Information provided ▸

******************************

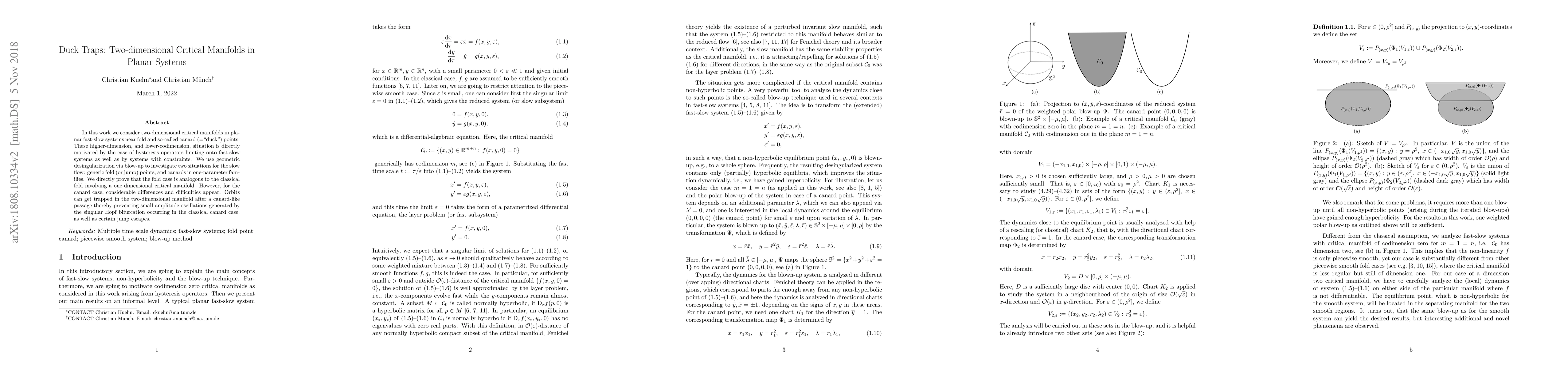 This paper investigates two-dimensional critical manifolds in planar fast-slow systems near fold and canard points, using geometric desingularization. It reveals that while fold points behave classically, canard points trap orbits in the manifold, preventing small oscillations and jump escapes.
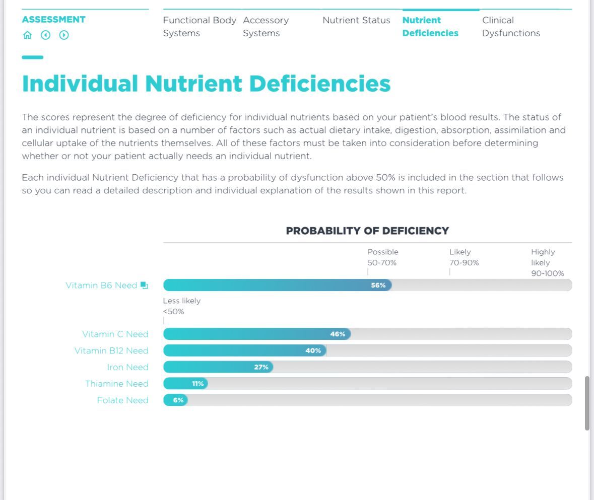 - Probability of Nutrient Deficiencies — Detailed report on 14 individual nutrients, pinpointing possible deficiencies or excesses based on your blood chemistry.
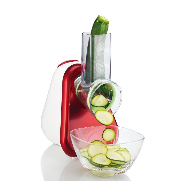 Bonito y compacto, el cortadorrallador Fresh Express es tu nuevo aliado en la cocina y te ayuda a tomar tu ración de verduras diaria. Tiene tres conos que ofrecen 3 tipos de corte diferentes cortar en rodajas, cortar en tiras y rallar, para que puedas preparar divertidas ensaladas. Los ingredientes caen directamente en el plato gracias a su sistema de servicio directo. Además, los conos son apilables y dispone de guardacables, por lo que resulta muy prácti
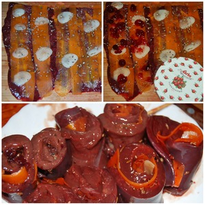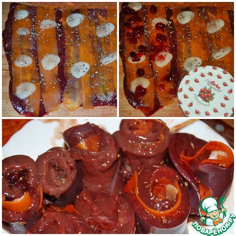 Морковь также нарезать пластинами при помощи овощечистки. Для лучшей эластичности моркови нужно ее бланшировать в кипятке 2-3 мин., затем обдать холодной водой. На пласты печени уложить морковь, тонко нарезанный хлопьями чеснок, специи и немного клюквенного соуса D’arbo. Каждый пласт печени свернуть рулетом, разрезать на кусочки по 3 см и нанизать на деревянные шпажки. Приготовить можно любым привычным для вас способом: обжарить на сковороде с добавлением масла или, как я, на гриле.
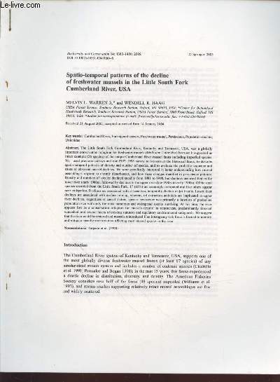 Biodiversity and Conservation. 2005. In-4. Broché. Bon état, Livré sans Couverture, Agraffes rouillées, Intérieur frais. Paginé de 1383 à 1400. Relié par deux agraffes. Texte en anglais.. . . . Classification Dewey : 420-Langue anglaise. Anglo-saxon
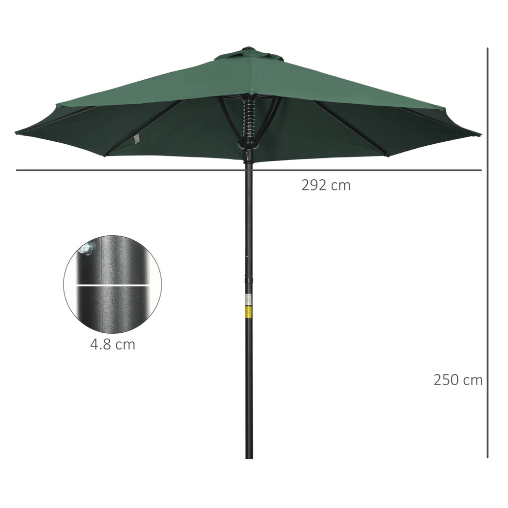 Outsunny Garden 3 m Parasol Umbrella, Outdoor Market Table Umbrella Sun Shade Canopy with 8 Ribs, Easy Push to Open, Green
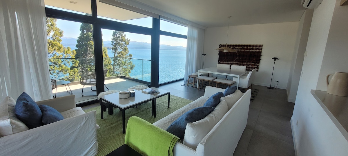 Espectacular departamento a estrenar frente al lago Nahuel Huapi. Excelente ubicación, sobre una de las avenidas principales de la ciudad, a siete kilómetros del centro y del Cerro Catedral. En un entorno único y con una vista inigualable del lago y sus islas. Departamento totalmente equipado para seis personas. Tres dormitorios, dos baños completos, dos toilettes, cocina, living-comedor y amplio balcón. Terraza con parrilla e hidromasaje para cuatro personas. Piscina climatizada en verano.

******************************

Provide an exact copy of only the lines from the beginning of the entries through the line containing "Biodiversity and Conservation.", both ends included, with no pictures.

 This paper investigates two-dimensional critical manifolds in planar fast-slow systems near fold and canard points, using geometric desingularization. It reveals that while fold points behave classically, canard points trap orbits in the manifold, preventing small oscillations and jump escapes.
 - Probability of Nutrient Deficiencies — Detailed report on 14 individual nutrients, pinpointing possible deficiencies or excesses based on your blood chemistry.
 Bonito y compacto, el cortadorrallador Fresh Express es tu nuevo aliado en la cocina y te ayuda a tomar tu ración de verduras diaria. Tiene tres conos que ofrecen 3 tipos de corte diferentes cortar en rodajas, cortar en tiras y rallar, para que puedas preparar divertidas ensaladas. Los ingredientes caen directamente en el plato gracias a su sistema de servicio directo. Además, los conos son apilables y dispone de guardacables, por lo que resulta muy prácti
 Морковь также нарезать пластинами при помощи овощечистки. Для лучшей эластичности моркови нужно ее бланшировать в кипятке 2-3 мин., затем обдать холодной водой. На пласты печени уложить морковь, тонко нарезанный хлопьями чеснок, специи и немного клюквенного соуса D’arbo. Каждый пласт печени свернуть рулетом, разрезать на кусочки по 3 см и нанизать на деревянные шпажки. Приготовить можно любым привычным для вас способом: обжарить на сковороде с добавлением масла или, как я, на гриле.
 Biodiversity and Conservation. 2005. In-4. Broché. Bon état, Livré sans Couverture, Agraffes rouillées, Intérieur frais. Paginé de 1383 à 1400. Relié par deux agraffes. Texte en anglais.. . . . Classification Dewey : 420-Langue anglaise. Anglo-saxon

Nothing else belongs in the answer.